Robert Krulwich
Robert Krulwich works on radio, podcasts, video, the blogosphere. He has been called "the most inventive network reporter in television" by TV Guide.
Krulwich is the co-host of WNYC's Radiolab, a radio/podcast series distributed nationally by NPR that explores new developments in science for people who are curious but not usually drawn to science shows. Radiolab won a Peabody Award in 2011.
His specialty is explaining complex subjects, science, technology, economics, in a style that is clear, compelling and entertaining. On television he has explored the structure of DNA using a banana; on radio he created an Italian opera, "Ratto Interesso" to explain how the Federal Reserve regulates interest rates; he has pioneered the use of new animation on ABC's Nightline and World News Tonight.
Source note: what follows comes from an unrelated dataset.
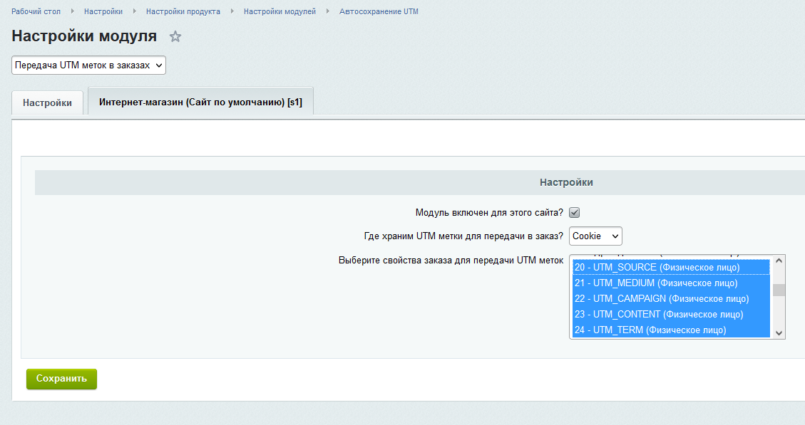 - В Свойствах заказа (Магазин - Свойства заказа - Список свойств) для каждого типа плательщика необходимо создать строковые служебные свойства для передачи UTM меток (продублируйте следующие значения в полях Название и Мнемонический код):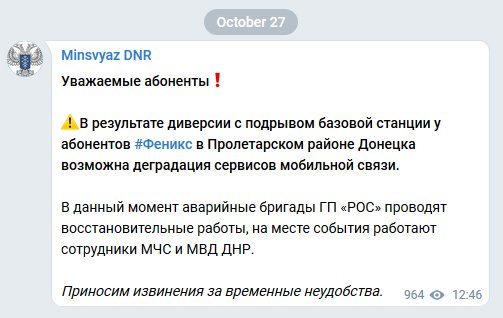 "В результате диверсии с подрывом базовой станции у абонентов "Феникс" в Пролетарском районе Донецка возможна деградация сервисов мобильной связи", - заявили в пресс-службе "минсвязи ДНР".

For 22 years, Krulwich was a science, economics, general assignment and foreign correspondent at ABC and CBS News.
He won Emmy awards for a cultural history of the Barbie doll, for a Frontline investigation of computers and privacy, a George Polk and Emmy for a look at the Savings & Loan bailout online advertising and the 2010 Essay Prize from the Iowa Writers' Workshop.
Krulwich earned a Bachelor of Arts degree in history from Oberlin College and a law degree from Columbia University.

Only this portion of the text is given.